6.3. Cultivating Professional Regional Markets

The strategic emerging industries in Fujian do not have a clear competitive advantage over those in the Yangtze River Delta and Pearl River Delta, failing to form an influential professional market. Currently, strategic emerging industries mainly concentrate in Xiamen, Fuzhou, Quanzhou, and Zhangzhou, four large cities in Fujian, and their development depends heavily on foreign investment. Besides, the products/services, for example, the optoelectronic products in Xiamen, are mostly exported to foreign markets. The investment in domestic market development is still inadequate. Thus, it is important to cultivate professional regional markets for strategic emerging industries.

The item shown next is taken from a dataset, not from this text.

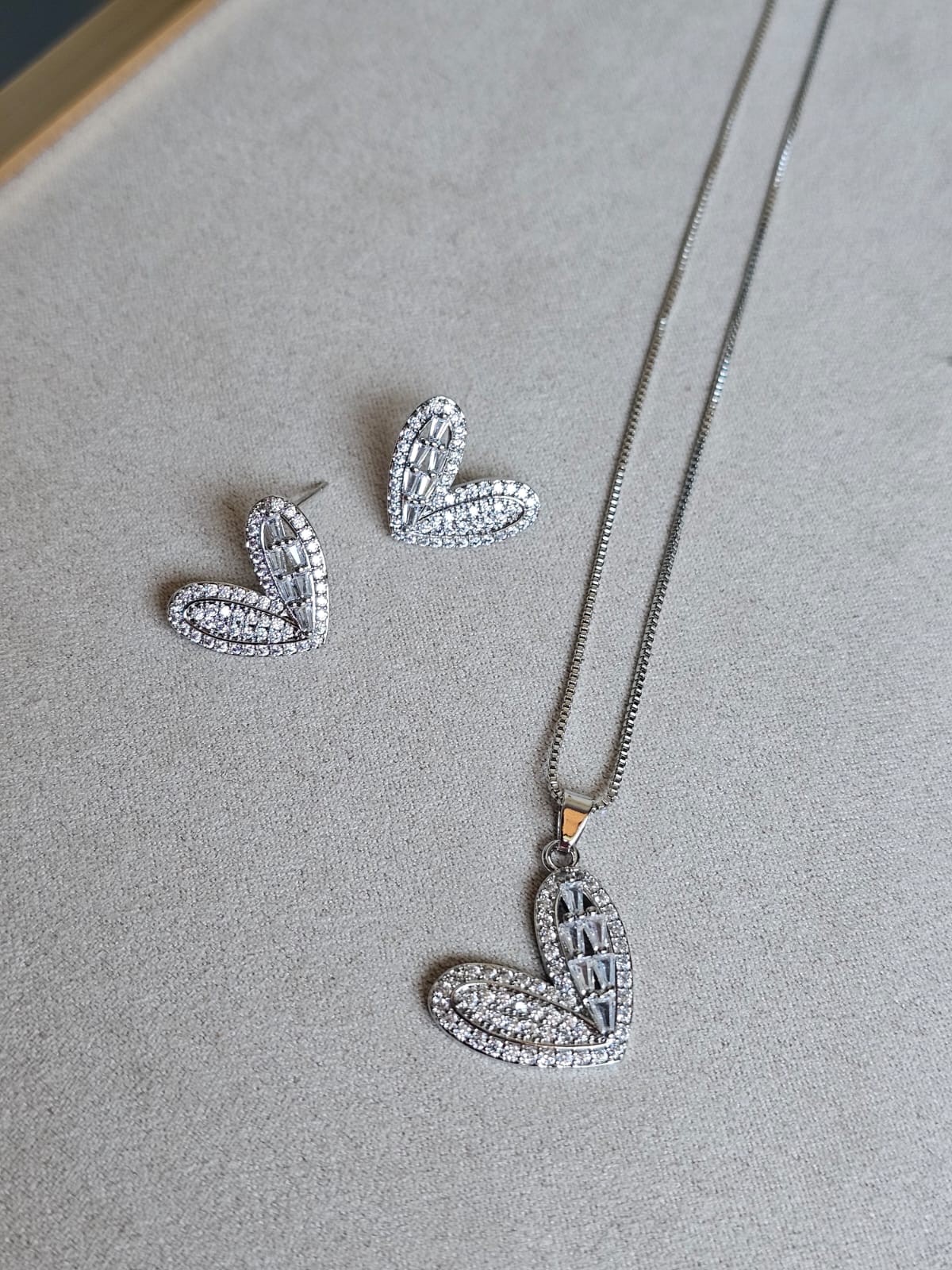 Conjunto coração cravejado prata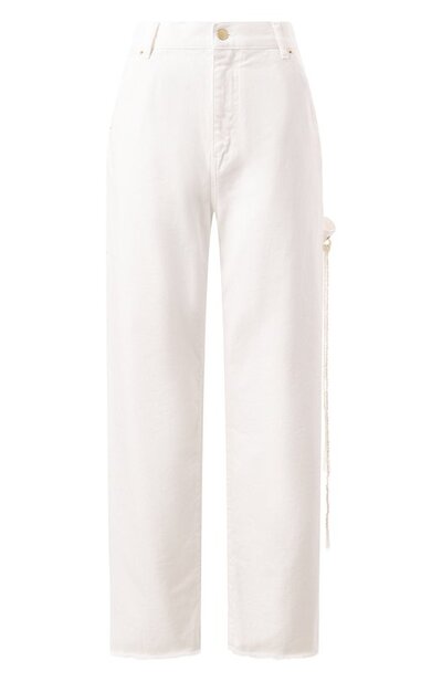 Для пошива широких джинсов Lisa с бахромой по краям и шестью карманами использовали хлопковый деним. Брючины сзади снизу украсили разрезами, а слева модель дополнили петлей со съемным шнуром из перламутровых бусин разного размера. На поясе закрепили фирменный патч.

In summary, this paper achieves valuable results on how to select and cultivate strategic emerging industries in Fujian. The future research will improve and expand in two areas: the empirical analysis and index selection. As for the empirical analysis, this paper selects the most representative listed enterprises. However, they might not fully reflect the situation of all strategic emerging industries. In the future research, more data need to be selected to draw more robust conclusions. What is more, only seven strategic emerging industries were discussed, due to the limitations of research conditions and data sources. More industries should be taken into account. As for index selection, only a few typical indices were selected, owing to data availability and calculation complexity. The incompleteness of evaluation index system might affect the quality of analysis results. The future research will choose even more indices to measure the development of strategic emerging industries.

Data Availability

The data used to support the findings of this study are available from the corresponding author upon request.

Conflicts of Interest

The authors declare that they have no conflicts of interest.

Acknowledgments

This research was financially supported by the Collaborative innovation center project of Modern Agricultural Industrial Park in Anxi County, Fujian province (grant no. KMD18003A), Social Science Planning Basic Research Project in Fujian Province (grant no. FJ2019C037), and Youth Teacher Training Fund Projects in An-xi Tea College of Fujian Agriculture and Forestry University (grant no. ACKY2015001).